The quality of play was bad again during Sunday’s 8-3 loss. The game quickly unraveled for Phil Hughes, who allowed two home runs to Mark Reynolds, including a mammoth three-run shot with nobody out in the sixth inning.
“We need to play better baseball,” manager Joe Girardi said. “I’m asked every day what my level of concern [is]. The concern is you play better baseball not where you are in the standings because we’re still in control of our destination. The concern is we need to play better. Offensively, defensively and pitching -- all things.”
“It’s pretty simple,” Derek Jeter said. “We’re not doing a lot of the things well -- pitching, offensively and defensively. It happens to every team every year at some point of the season. We had periods where we played well and periods where we played poorly. Right now, we’re playing poorly.”
Besides losing a game in the standings to the Orioles, they are up just 3 1/2 games on the Rays, whom they visit Monday and face again at Yankee Stadium in two weeks. They have been outscored 77-57 and are hitting .226 (120-for-530) with 125 strikeouts since Aug. 15, when they had a three-game winning streak and had won seven of eight following a stretch of 12 losses in 18 games.
“All I hear is concern this, concern that,” Nick Swisher said. “Nobody’s concerned. We’re two games up. It’s the beginning of September. If you told me in spring training, I’d buy into that. So there’s no concern over here. We are disappointed and we do need to play better.”
The latest disappointing performance came after Hughes allowed two long home runs to Reynolds on consecutive at-bats.

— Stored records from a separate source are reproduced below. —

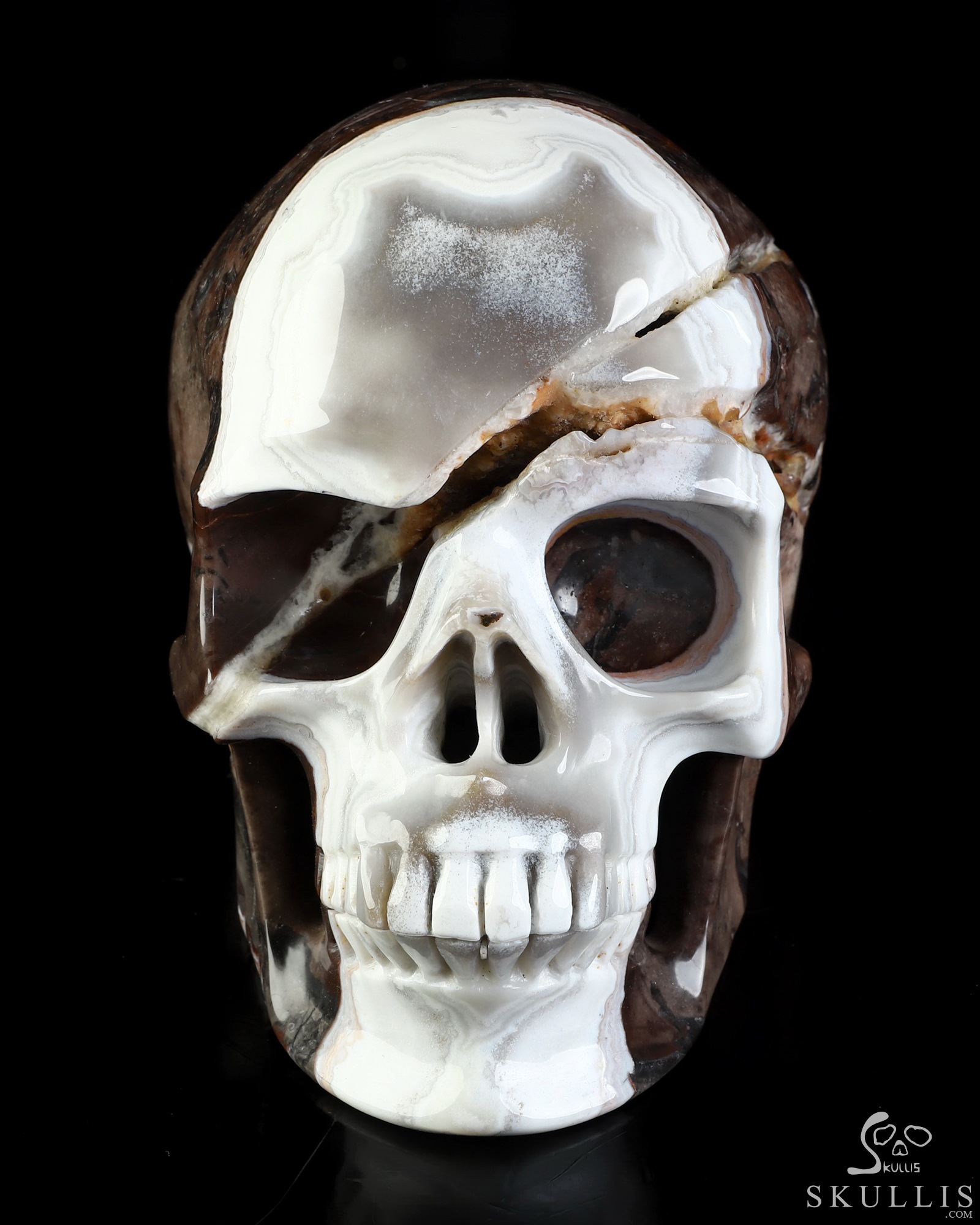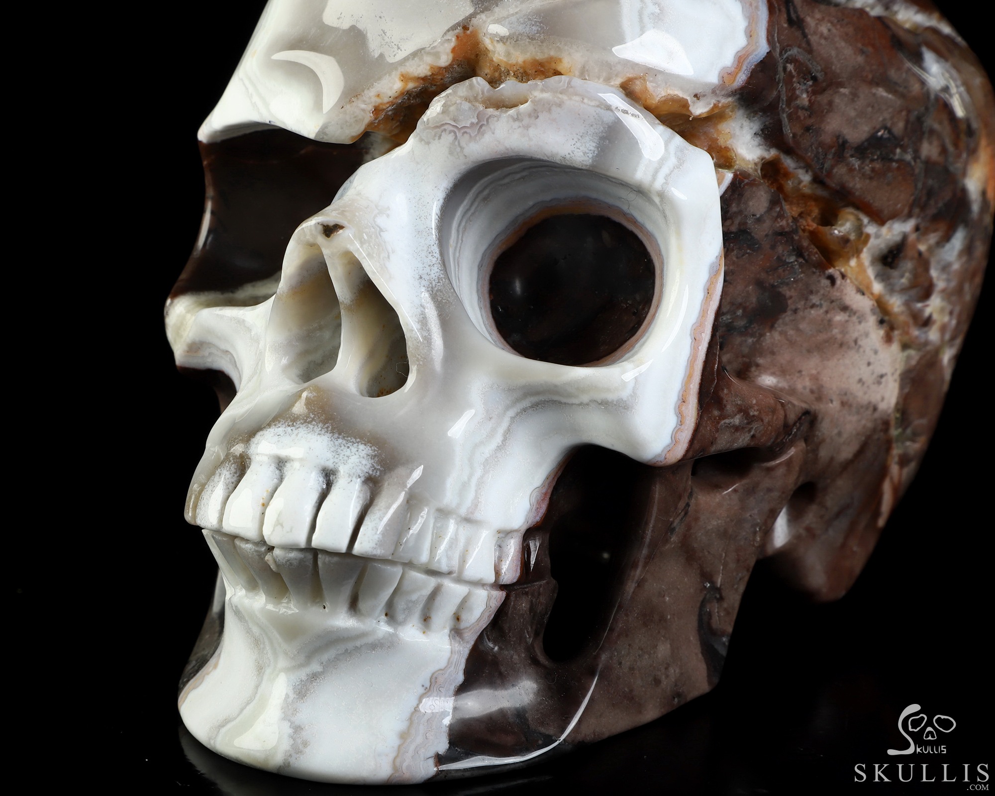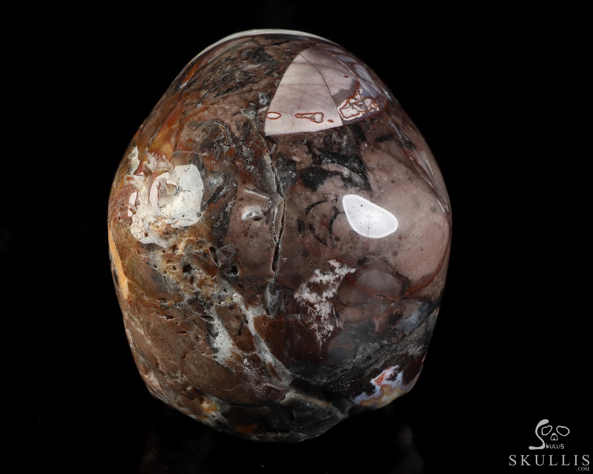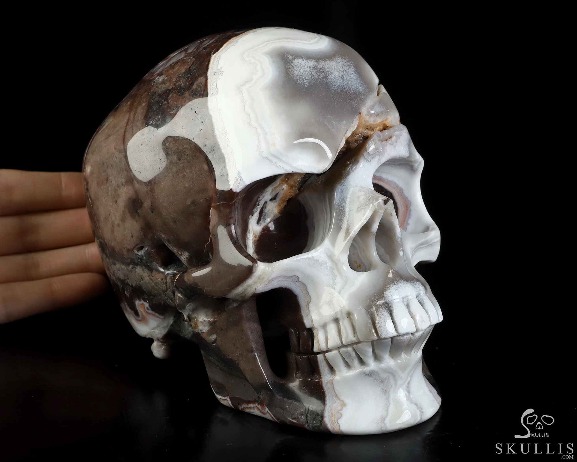 You are looking at a Red Crazy Lace Agate skull. The skull is 6 inches from front to back.
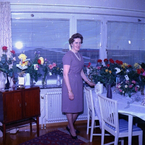 Titel: Rumsinteriör, en kvinna. Eivor Johansson på födelsedagen.
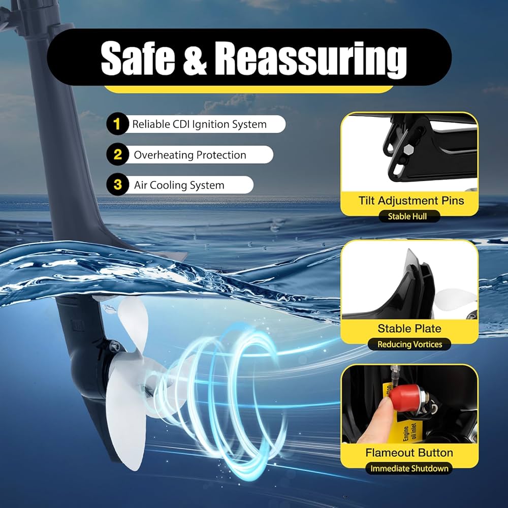 【Dissipazione rapida del calore】Gli ampi fori di dissipazione del calore sull'alloggiamento del motore consentono di dissipare rapidamente il calore e di evitare che il motore si bruci dopo un lungo periodo di utilizzo, prolungando così efficacemente la durata del motore. Ciò consente di risparmiare energia e denaro. Gommone Con Motore Motore Fuoribordo Honda BF 20 Da 20 CV LHSU (ELB: Elettrico, Lungo, A Tohatsu Fuoribordo 4 Hp Applicazione Questo prodotto è adatto a piccole imbarcazioni di diversi materiali (come gommoni, barche in ferro, barche in plastica, barche in vetroresina e barche in legno) ed è applicabile alle operazioni in acqua in fiumi, laghi, bacini artificiali, stagni per pesci, ecc. 【Basso consumo di carburante】Questo prodotto adotta un nuovo sistema di risparmio di carburante e ha un basso consumo energetico di 0,3 g/h. Basta tirare la corda e si è pronti a partire. 4HP 4 tempi, motore fuoribordo da 55 cc, motore per barche con funzione di guida a 360 gradi, set di attrezzi CDI per gommoni, barche in ferro È applicabile alle imbarcazioni con un carico di circa 440,92-1322 libbre e un'altezza della piastra di poppa di 17,32 pollici o meno. Può offrire un ambiente di lavoro più silenzioso. 【Facile da usare】Il semplice metodo di avviamento manuale e il dettagliato manuale in inglese all'interno della confezione del prodotto possono aiutarvi a operare con facilità e precisione.
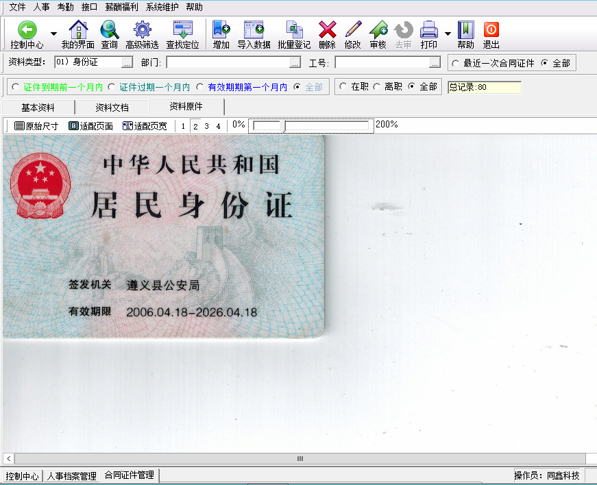 2019-06-05 10:36:55 浏览:3524 咨询电话:400-1800-278随着企业的不断发展与壮大,企业对员工信息的管理越来越严格与复杂,越来越多的证件与合同需要记录在系统中,实现信息化管理。如何即简单又高效地处理合同证件的管理?如何将合同或证件的扫描件上传到系统中?如何随时随地的导出我想查看的证件信息,并设置到期提醒功能?别担心,同鑫hr软件——合同证件管理??榻饩瞿恼庑┓衬?!

Reynolds’ first home went to left field on a 2-2 fastball leading off the fifth to cut the Yankee lead to 2-1. An inning later, Hughes walked Nate McLouth before giving up line drive singles to Adam Jones and Matt Wieters.
Instead of sticking with his primary pitch, Hughes got ahead 0-1 with a slider but on the next pitch hung a 74-mph curveball that landed 437 feet away in the left-field bleachers.

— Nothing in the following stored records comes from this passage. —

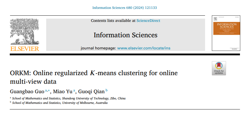 近日,公司2020级硕士研究生于淼在导师郭广报副教授的指导下,在在线多视图数据聚类领域取得重要研究进展。相关成果论文“ORKM: Online regularized K-means clustering for online multi-view data”已被国际著名期刊、中科院1区TOP期刊《Information Sciences》正式发表。论文第一作者为郭广报副教授,第二作者为于淼,公司为第一署名单位,该研究成果由公司与墨尔本大学钱国骐教授合作完成。
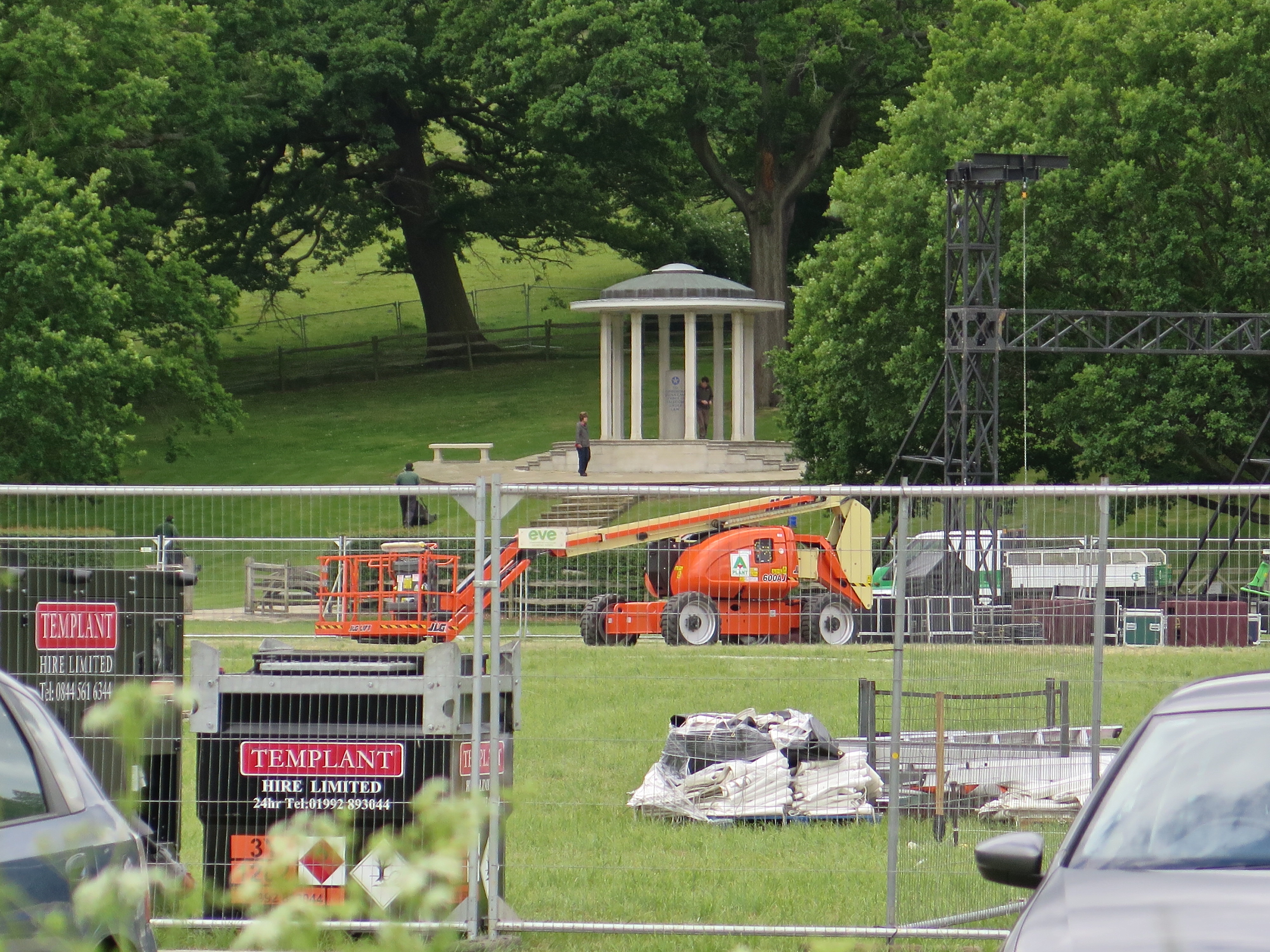 Just round the corner I decided to flout an explicit direction and pursue a shortcut across some public park — Runnymede Pleasure Ground now I look — where we encountered the events which provided the photo which began this blog: the installation of a new sculptural memorial to Her Maj.
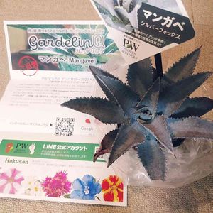 今日、ハクサンさんからPWマンガべが送られてきました😳❣️ アンバサダー当選したとのこと🎯✨✨ かっこいいお爪のアガベとマンフレダ交雑の新ジャンル多肉植物〜😍 シルバーフォックスの名前に相応しくこれからもっとシルバーの素敵な色合いになっていくそうです✨✨🎶 ちょうど一週間後は私の誕生日🎂 早めの素敵なプレゼント🎁になりました🥰
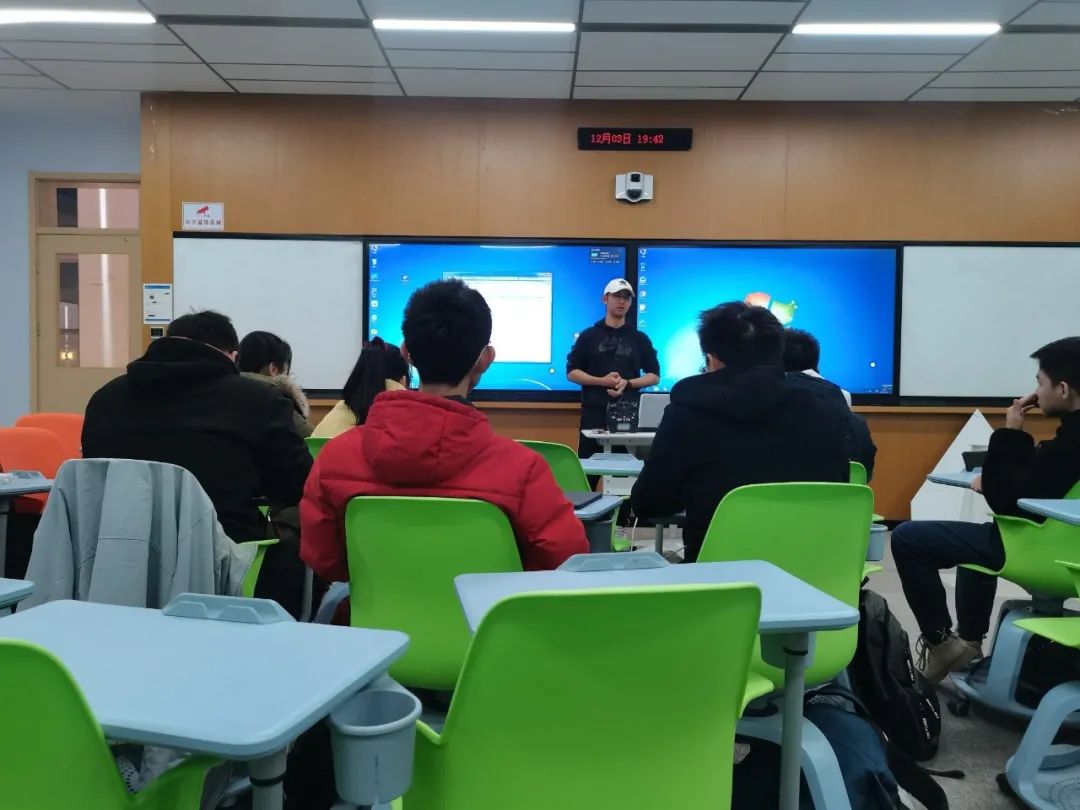 简单的自我介绍后,邹佳均以过来人的身份与学弟学妹们分享了自己对于大一生活的建议:学习一些实用的软件如solidworks、CATIA,以及一些编程语言,为后续学习打下基础。邹佳均还建议同学们多将时间投入自己感兴趣的事物中来,丰富自己的见识。

“The wheels just came off,” Hughes said. “Everything was flat but really the two home runs to Reynolds were killer.”
“He just stopped making pitches,” Girardi said. “It looked like he was getting too much of the plate.”
Reynolds was 1-for-6 against Hughes coming into the game and by the time he came up in the sixth with two on, it seemed that Girardi would lift him. Girardi decided he did not want to mix and match with righty Cody Eppley, lefty Boone Logan and another right-handed pitcher, especially without anyone out.

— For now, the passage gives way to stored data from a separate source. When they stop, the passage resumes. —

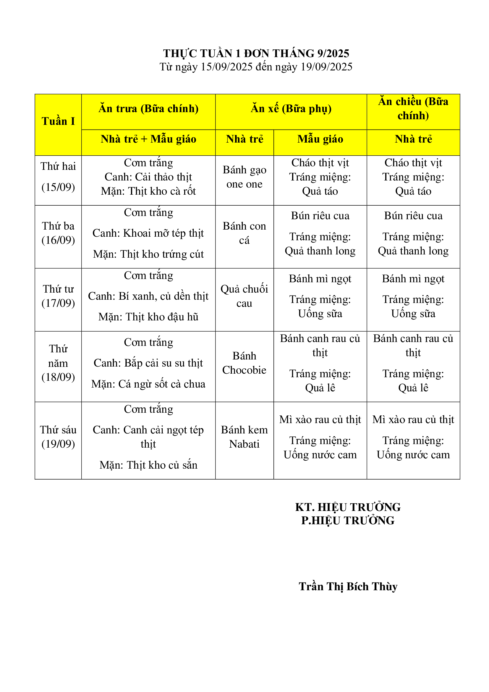 Thực đơn Tuần 1 tháng 9/2025
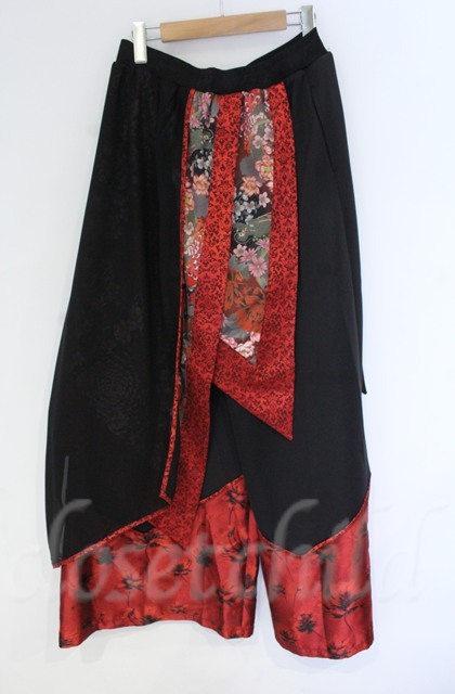Qutie Frash / ラップ付き和柄バギーパンツ レッド×ブラック O-25-12-03-046-QU-PA-IG-ZT1208B
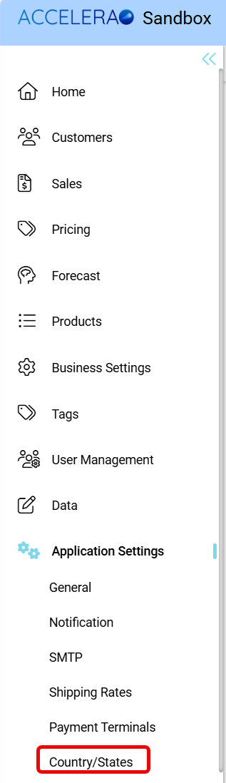 - Click on Country/States under Application Settings Action

“That was my decision, OK, to leave him in there,” Girardi said. “He struck him out and [had] given up a home run. Reynolds is a guy that is going to strike out his share. There are different things he can do to him. He hung a breaking ball. My other choice is bring in Eppley there and then to bring in Boonie to the left-hander. Then I got to bring in another right-hander. I felt better leaving Hughsie in against Reynolds than what I would have done after Boone. If there’s one out, it’s a different story but there was nobody out.”
Before getting to the decisive at-bat against Reynolds, Hughes looked like the pitcher who had been 6-0 with a 1.62 ERA in his previous seven home starts. It was that reason why his turn was pushed up and Hughes started strong by retiring the first eight on mostly fastballs and getting out of trouble in the fifth following Reynolds’s first home run.
Hughes and the Yankees’ could have been in worse shape if not for Chris Dickerson. Dickerson hit a two-run home run in his first at-bat of the year and then sprinted toward the center-field fence to rob Adam Jones of a two-run home run for the final out of the seventh.
Dickerson did not get a chance to continue one of the best days of his career. In the seventh against left-handed reliever Randy Wolf, Andruw Jones weakly flied out to right field with a man on first and the inning ended when Derek Jeter bounced into a double play and to essentially end any chance for a comeback.